The PIC and the Southern Pacific Railroad helped to build the town of Pacific Grove. The company contributed 10,000 to the construction cost to build the Methodist Episcopal Church. The Chautauqua Hall was built in 1881 by the Pacific Improvement Company for the Pacific Grove Methodist-Episcopal Camp Retreat. The hall still exists today and is located on the southwest corner of 16th Street and Central Avenue. It was called a "Hall in the Grove," and later became known as Chautauqua Hall.

In 1882, the PIC purchased the Rancho Los Laureles, which was located in Carmel Valley, California. Guests from the hotel could visit the lodge on the property to ride, hunt, and explore the trails. The Pacific Improvement Company built the Carmel River Dam in 1883, to deliver water to Monterey. 700 Chinese laborers built the dam by laying cast iron pipe to bring water out of Carmel Valley. The Pacific Improvement Company hired William Hatton to manage a dairy and ranching operation in Los Laureles.

In 1887, to secure a right-of-way west of Santa Barbara, California, the company purchased 2000 acreacres from Thomas Hope's widow for $250,000. By the 1900s, the company sold "villa sites" from 2 acre or 50 acre acres in size.

PIC built the El Carmelo Hotel, which opened to guests on May 20, 1887. It was Pacific Grove's first hotel and sometimes called the sister of the Hotel Del Monte. It was located on Lighthouse Avenue between Fountain and Grand Avenues, Pacific Grove. In 1907, the name of the hotel changed to the Pacific Grove Hotel. In 1917, the PIC decided to dismantle it and use the wood in the reconstruction of The Lodge at Pebble Beach that had burned down on December 17, 1917. The empty block was sold to W. R. Holman in 1919 to open the Holman Department Store.

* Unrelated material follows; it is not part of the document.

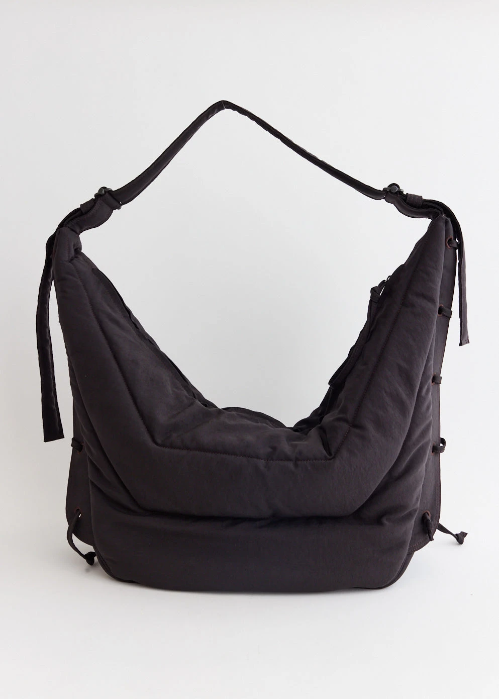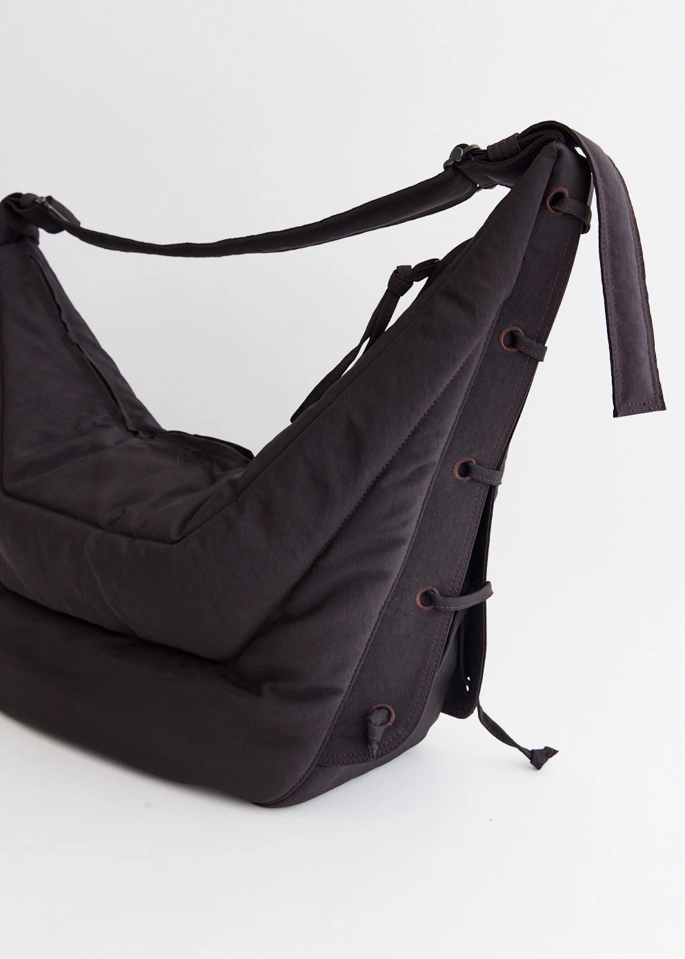 Helmed by Christopher Lemaire and Sarah-Linh Tran, the Lemaire brand offers timeless Parisian style that is sophisticated, inclusive and rich in cultural influence. The Large Soft Game Bag is a technical version of the label’s ‘Croissant’ silhouette. Crafted from nylon with a water-repellant finish, it’s designed to be worn as a crossbody or on the shoulder.Β
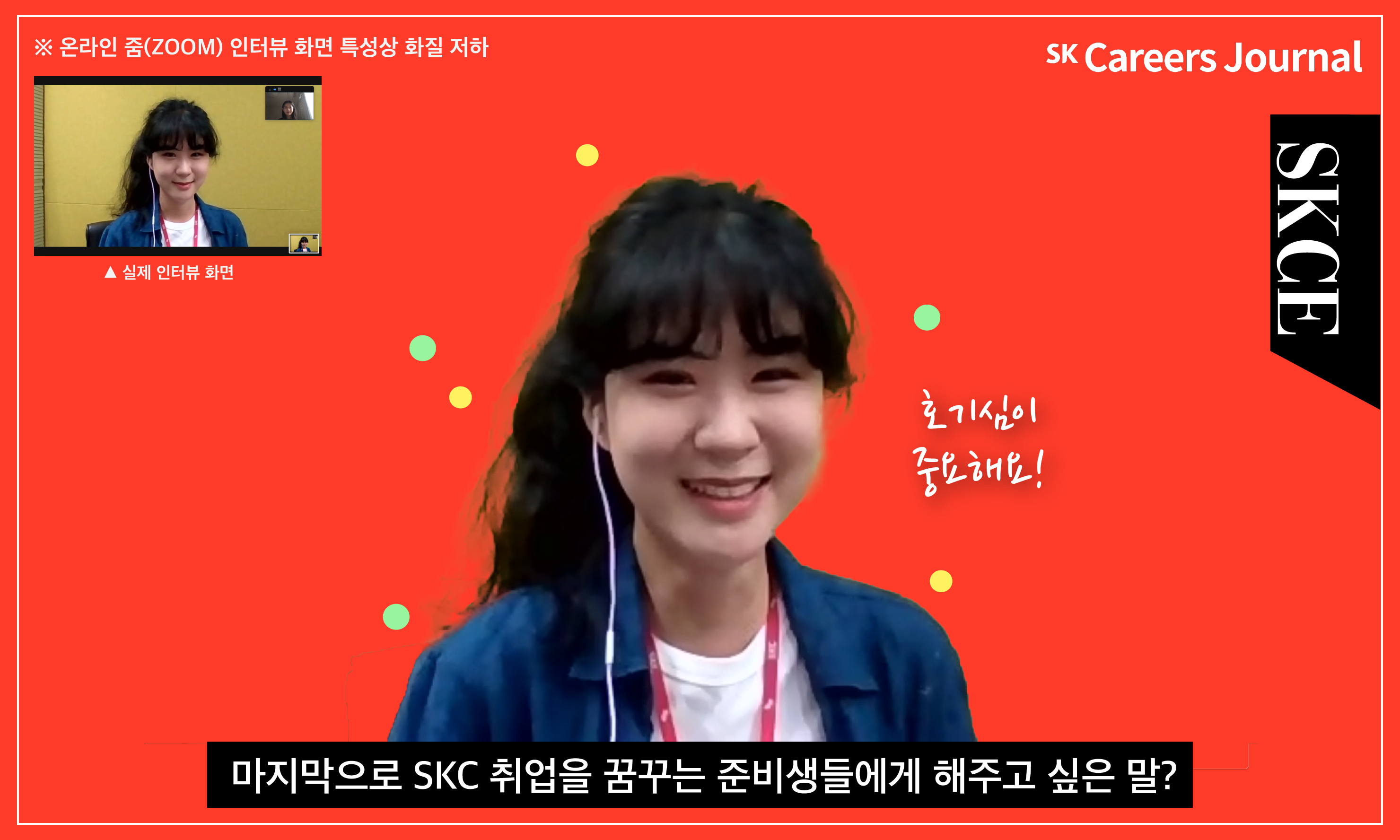 지금까지 SKC 커뮤니케이션팀 소속 이지은 매니저님과의 인터뷰였는데요. 어떠셨나요? 정말 핵심들만 쏙쏙 담긴 주옥같은 답변들을 남겨주셔서 독자 여러분께 도움이 많이 될 것 같습니다. 같은 문과생인 저도 커뮤니케이션팀뿐만 아니라 SKC에도 호기심이 생기고 매력적으로 느껴지는데요! 취업을 꿈꾸시는 모든 분들, 파이팅하셨으면 좋겠습니다. 바쁘신데도 불구하고 인터뷰에 흔쾌히 응해주신 이지은 매니저님께 감사 인사를 전하며 마칩니다. 그럼 다음시리즈에서 만나요!

== Del Monte Properties ==
By 1899, all the original owners of the PIC had died. Their heirs wanted to dissolve the company and go their separate ways. However, its assets were not liquidated until after 1916, when real estate developer Samuel Finley Brown Morse was made general manager of the Pacific Improvement Company, in charge of liquidating all of the company's vast land holdings.

On February 27, 1919, funded by Herbert Fleishhacker, Morse formed the Del Monte Properties (DMP), and acquired the 10000 acre holdings of PIC, in Monterey County, including the Del Monte Forest, the Del Monte Lodge, Hotel Del Monte, Pacific Grove, Pebble Beach and Rancho Los Laureles, now the Carmel Valley Village, California, and the Monterey County Water Works, for $1.3 million. Morse planned to use this land to develop a community within the forest centered around the Del Monte Lodge and had many plans for the rest of the area, including land for a golf course. In 1921, Morse replaced the Carmel River Dam with the San Clemente Dam to supply municipal water to the growing population on the Monterey Peninsula.